AgentSkillsCN

groq

【何】通过 Groq API(聊天)+ Ollama(嵌入)实现快速的大语言模型推理。 【如何】Groq 用于聊天补全(llama-3.3-70b-versatile),Ollama nomic-embed-text 用于嵌入。 【何时】当您需要快速推理、为 RAG 嵌入文本,或进行聊天补全时,此技能将大显身手。 【为何】Groq 提供最快的大语言模型推理速度;Ollama 则负责本地嵌入(Groq 本身并无嵌入 API)。 触发条件: “groq embed”、“groq chat”、“groq complete”、“用 Groq 嵌入”、“快速大语言模型”。

SKILL.md
--- frontmatter
name: groq
description: |
  [WHAT] Fast LLM inference via Groq API (chat) + Ollama (embeddings)
  [HOW] Groq for chat completions (llama-3.3-70b-versatile), Ollama nomic-embed-text for embeddings
  [WHEN] Need fast inference, embedding text for RAG, chat completions
  [WHY] Groq provides fastest LLM inference; Ollama handles local embeddings (Groq has no embedding API)

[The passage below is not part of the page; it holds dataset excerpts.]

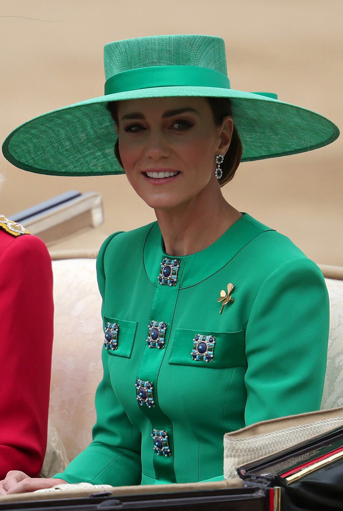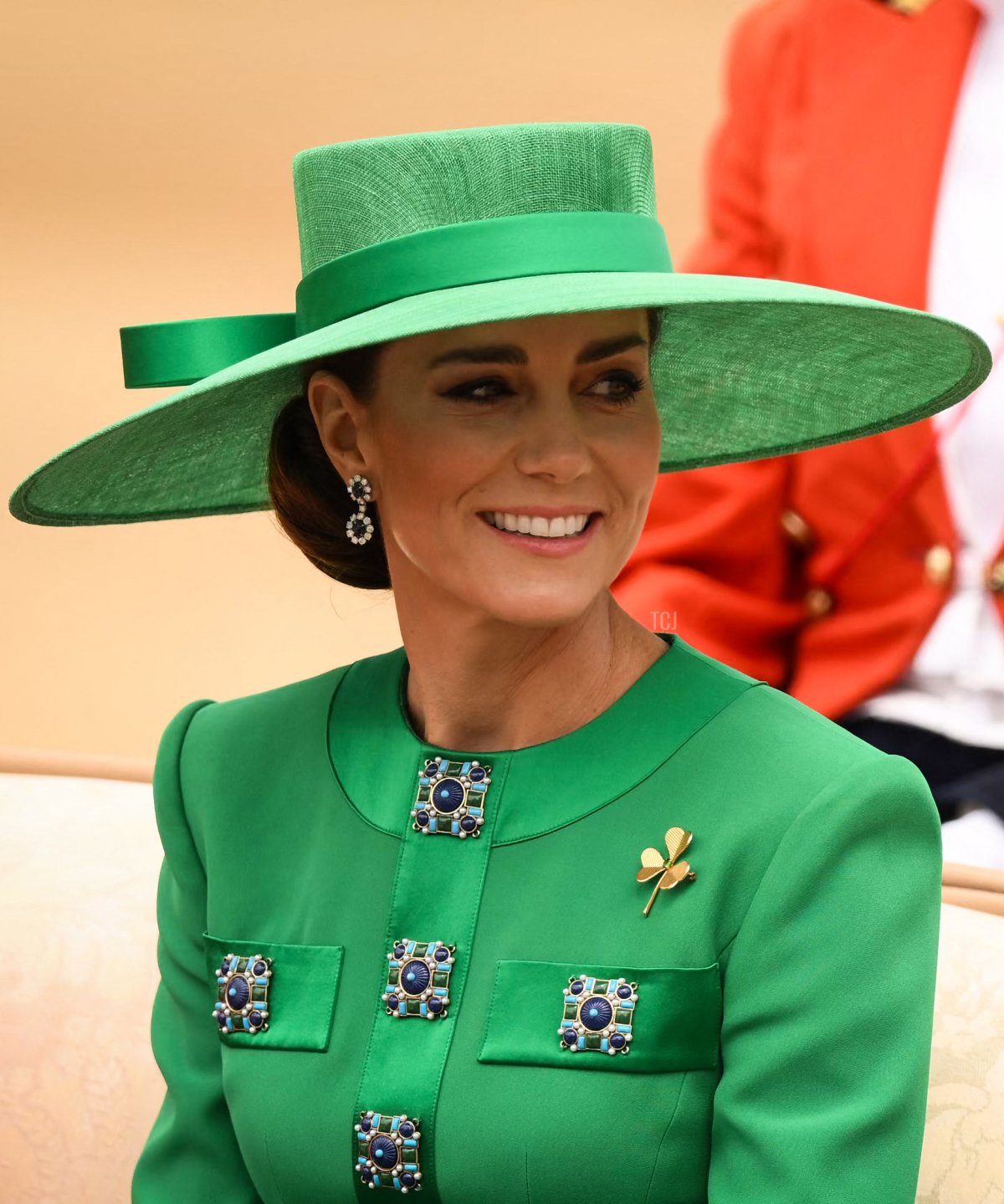 For the first Trooping the Colour celebrations of King Charles’s reign, and her first as colonel of the Irish Guards, Kate wore bright green: an Andrew Gn dress with a coordinating Philip Treacy hat. The brooch-like elements on the dress are part of the garment’s embellishments.
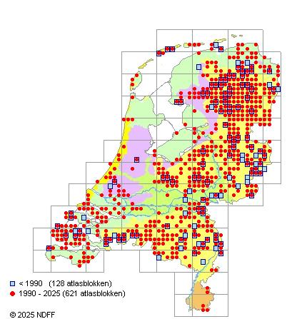 Het aantal atlasblokken (5x5 km) waarin de soort is gemeld binnen een periode van vijf jaar (vanaf 1980) of twintig jaar. Niet gecorrigeerd voor waarnemersinspanning en het aantal doorgegeven waarnemingen kan sterk variëren per periode, dus een trend in verspreiding kan hier niet direct uit worden afgelezen. Het opgegeven jaartal is het eerste jaar van de periode. Bron: gevalideerde waarnemingen uit de NDFF.
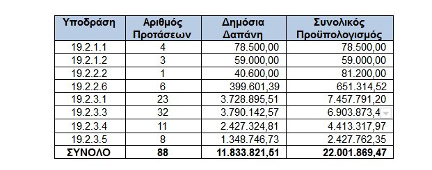 Ογδόντα οχτώ (88) επενδυτικές προτάσεις υποβλήθηκαν από όλη την ΠΕ Τρικάλων που βρίσκεται στην περιοχή του Προγράμματος CLLD LEADER με το συνολικό προϋπολογισμό των επενδυτικών σχεδίων να ανέρχεται στα 22 εκατομμύρια ευρώ, ενώ το ποσό της αιτούμενης δημόσιας δαπάνης ανήλθε περίπου στα 11,8 εκατομμύρια ευρώ.
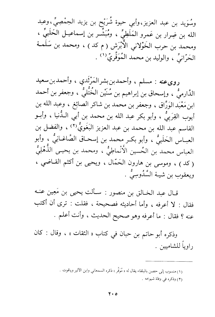 وذكره أَبُو حاتم بْن حبان في كاتب "الثقات"، وَقَال: كان راوياً للشاميين.
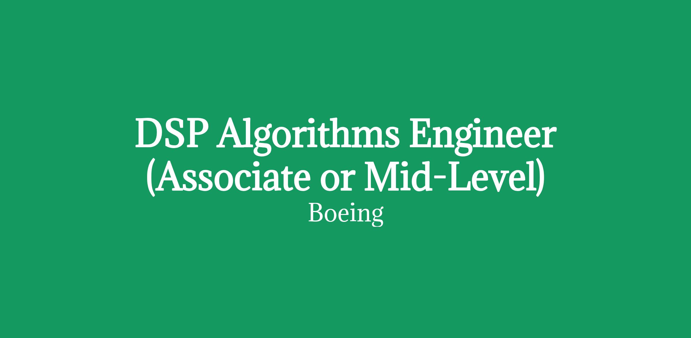 Boeing Defense, Space and Security is seeking DSP Algorithms Engineers (Associate or Experienced) to join the Space, Intelligence and Weapons Systems teams in El Segundo, CA ! Boeing's Space, Intelligence and Weapons Systems oversees the company's major commercial and government satellite and ground programs for communications, national defense, and other missions.
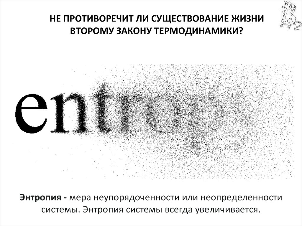 НЕ ПРОТИВОРЕЧИТ ЛИ СУЩЕСТВОВАНИЕ ЖИЗНИВТОРОМУ ЗАКОНУ ТЕРМОДИНАМИКИ?
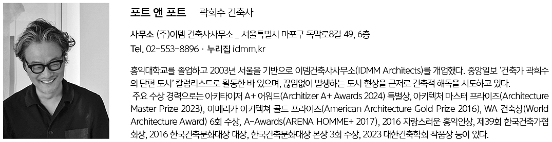 FORT & PORT Architect | Kwak, Heesoo _ IDMM Architects Client | Elystay Supervisor | Heeram Architects Construction | Dongsung Construction Location | Udu-ri, Dolsan-eup, Yeosu-si, Jeollanam-do, Korea Program | Accommodation Site area | 9,745.00㎡ Building area | 964.88㎡ Gross floor area | 2,999.36㎡ Building to land ratio | 9.9% Floor area ratio | 22.66% Building scope | B2F - 4F Structure | RC Exterior finishing | Exposed concrete Interior finishing | Exposed concrete, Paint Design period | Jun. 2020 – Oct. 2020 Construction period | Oct. 2020 – Jul. 2022 Photograph | Kim, Jaeyoun Structural engineer | S.D.M PARTNERS Mechanical engineer | DOOHYUN M&C Electrical engineer | CHUNGWOO ENG |
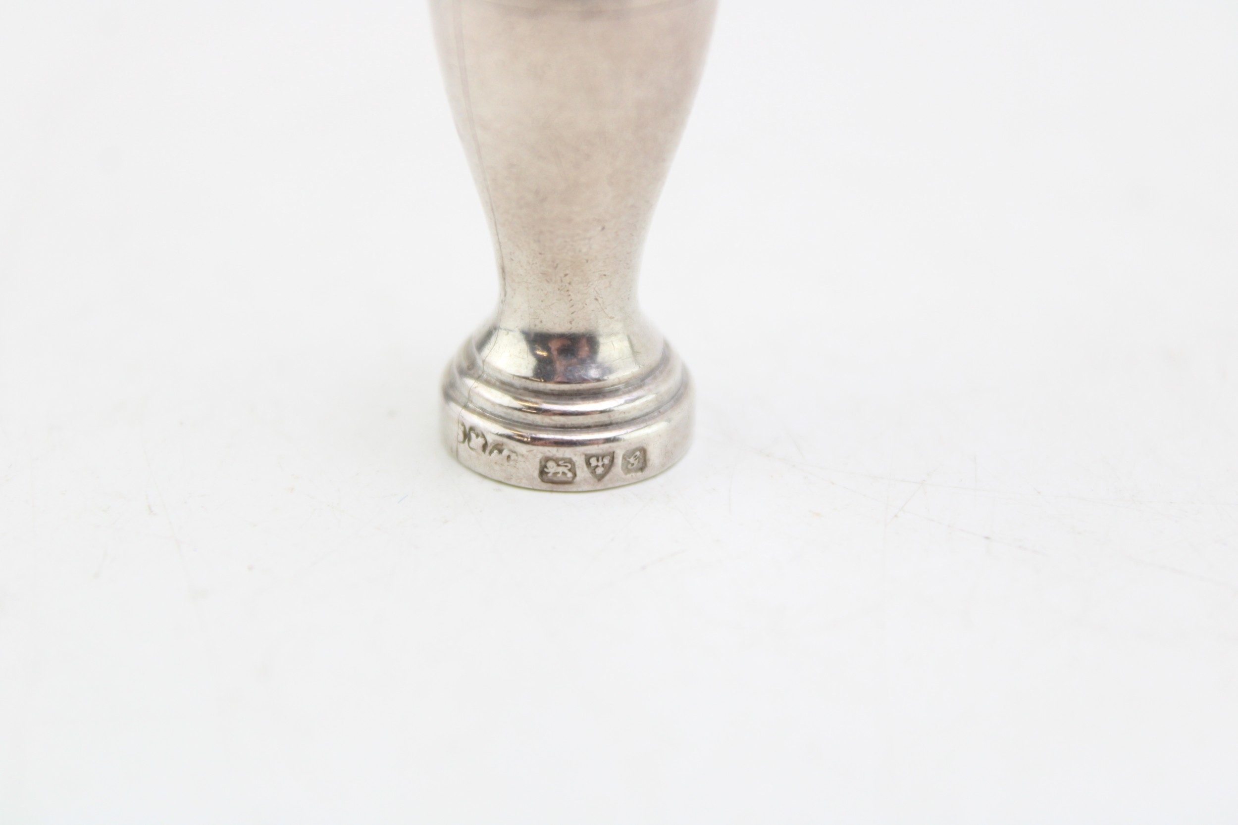 A silver seal, of simple baluster form with the letter 'M' to the plate, Sampson Mordan & Co Ltd, Chester 1907, 35.2mm high, 5.8g, 0.19toz.
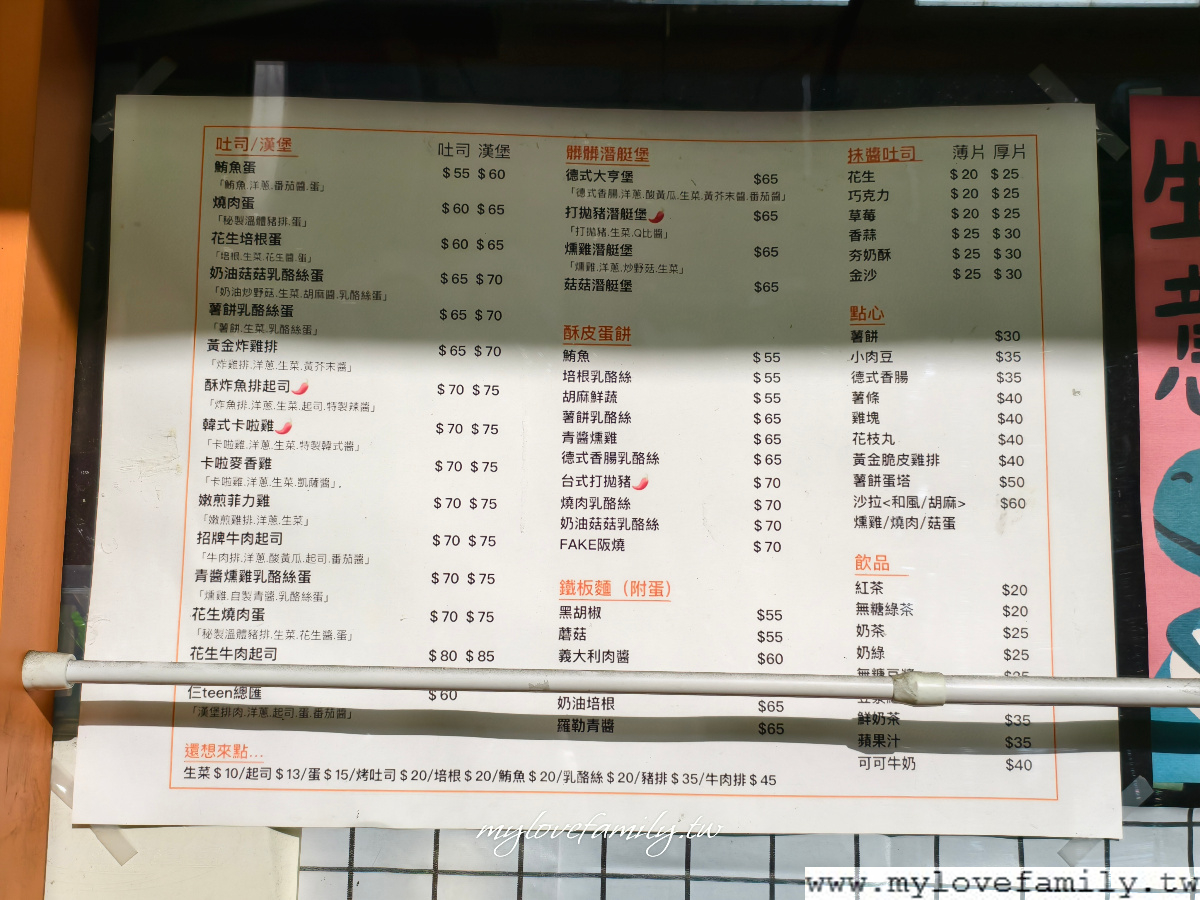 菜單,我一度以為自己眼花了,這價格太親民了,沒想到藝文特區內有如些平價的早餐點,加上選擇性好多,吐司/漢堡/潛艇堡/酥皮蛋餅/抺醬吐司/厚片/點心/鐵板麵/飲品樣樣有,唯一美中不足的是飲品沒有咖啡。
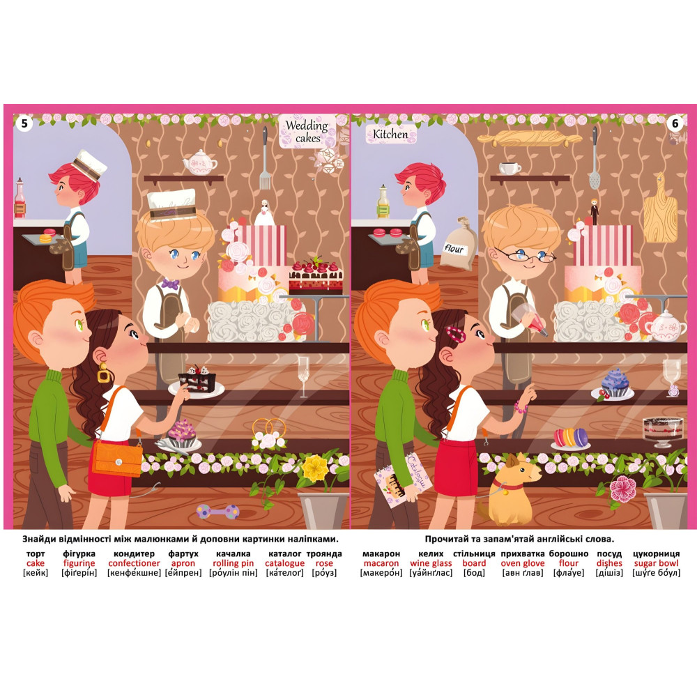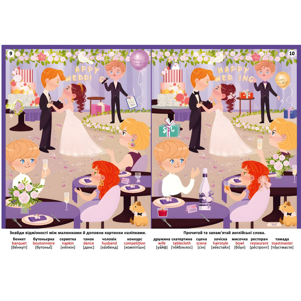 Весілля – це подія, на яку з нетерпінням чекає кожна дівчина. На розворот цієї книги ти разом із нареченою Виберіть красиву сукню, замовиш весільний торт і побуваєш на дівич-вечорі. Однак на кожному малюнку чого не вистачає. Уважно розгляньте дві подібні картинки, виявило між ними розбіжності та усуне їх, доповнено Малюнок наклейками! Книга розвиває дрібну моторику, Рамус та логічне мислення, вона познайомить з англійськими словами та допоможе їх вивчити, а 205 наклейок подарують дитині багато годин захоплюючого дозвілля!

  Triggers: "groq embed", "groq chat", "groq complete", "embed with groq", "fast llm"

groq

Fast LLM inference via Groq API for chat, Ollama for embeddings.

Setup

Environment:

  • GROQ_API_KEY - Required for chat completions
  • Ollama running locally for embeddings (ollama serve)

Install dependencies:

bash
cd ~/.claude/skills/groq
pip install groq requests

Pull embedding model (first time):

bash
ollama pull nomic-embed-text

Usage

Chat Completion

bash
# Simple chat
./scripts/chat.py "Explain quantum computing in 2 sentences"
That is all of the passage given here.